------ Records provided

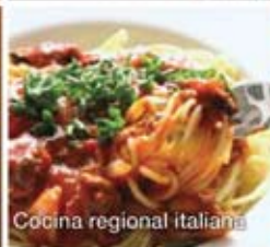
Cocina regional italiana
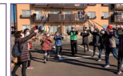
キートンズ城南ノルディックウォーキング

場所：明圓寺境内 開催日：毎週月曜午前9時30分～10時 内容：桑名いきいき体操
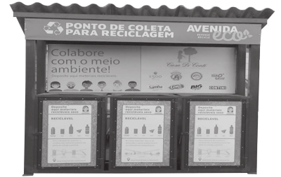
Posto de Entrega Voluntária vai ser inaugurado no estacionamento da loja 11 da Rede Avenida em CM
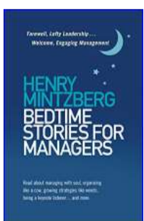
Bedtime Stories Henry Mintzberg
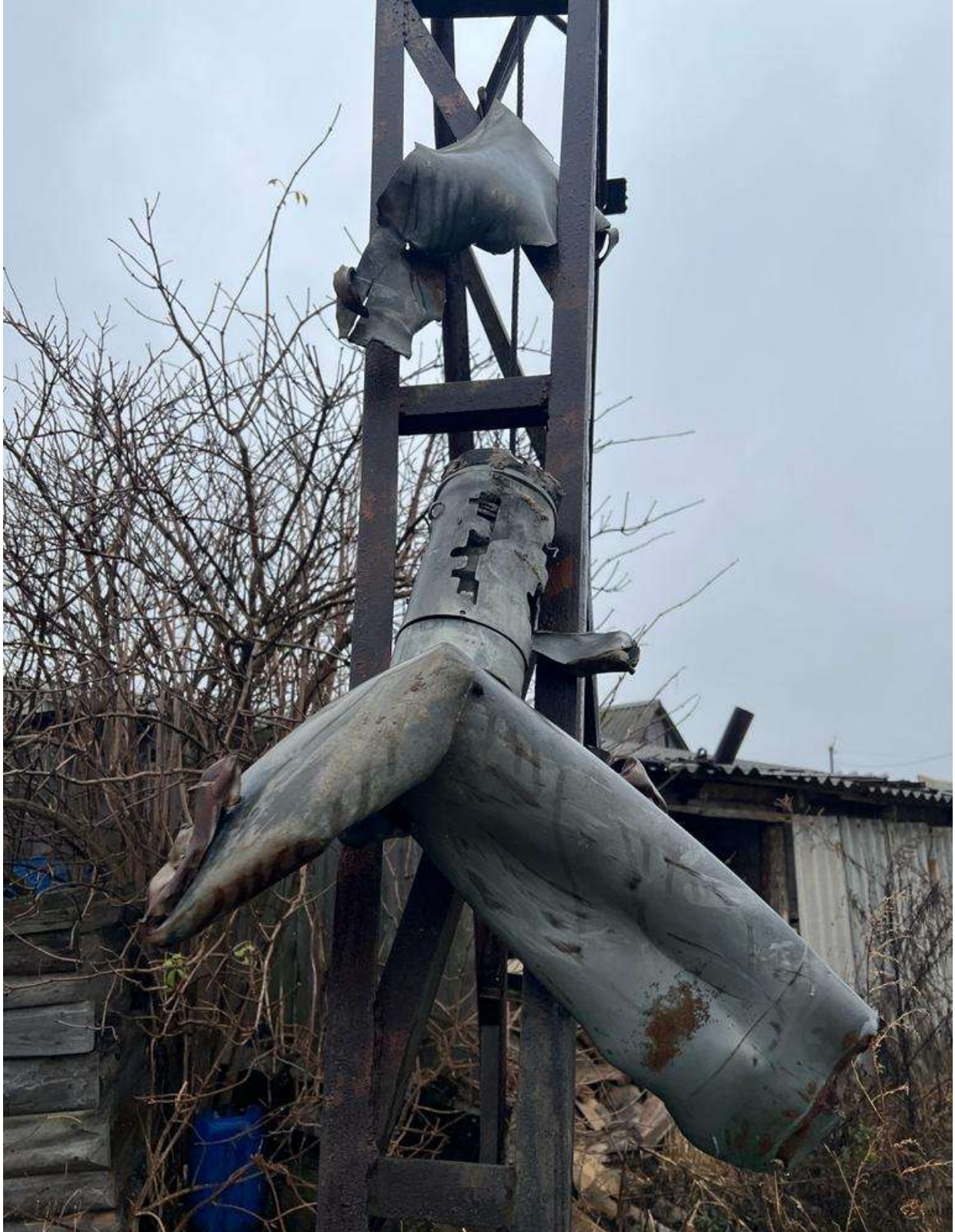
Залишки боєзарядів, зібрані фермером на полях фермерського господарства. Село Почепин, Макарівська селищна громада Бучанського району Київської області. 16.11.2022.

------------

> Task description:
For this exercise, transcribe the data exactly but without its pictures.

> Response to the task:
Cocina regional italiana
キートンズ城南ノルディックウォーキング

場所：明圓寺境内 開催日：毎週月曜午前9時30分～10時 内容：桑名いきいき体操
Posto de Entrega Voluntária vai ser inaugurado no estacionamento da loja 11 da Rede Avenida em CM
Bedtime Stories Henry Mintzberg
Залишки боєзарядів, зібрані фермером на полях фермерського господарства. Село Почепин, Макарівська селищна громада Бучанського району Київської області. 16.11.2022.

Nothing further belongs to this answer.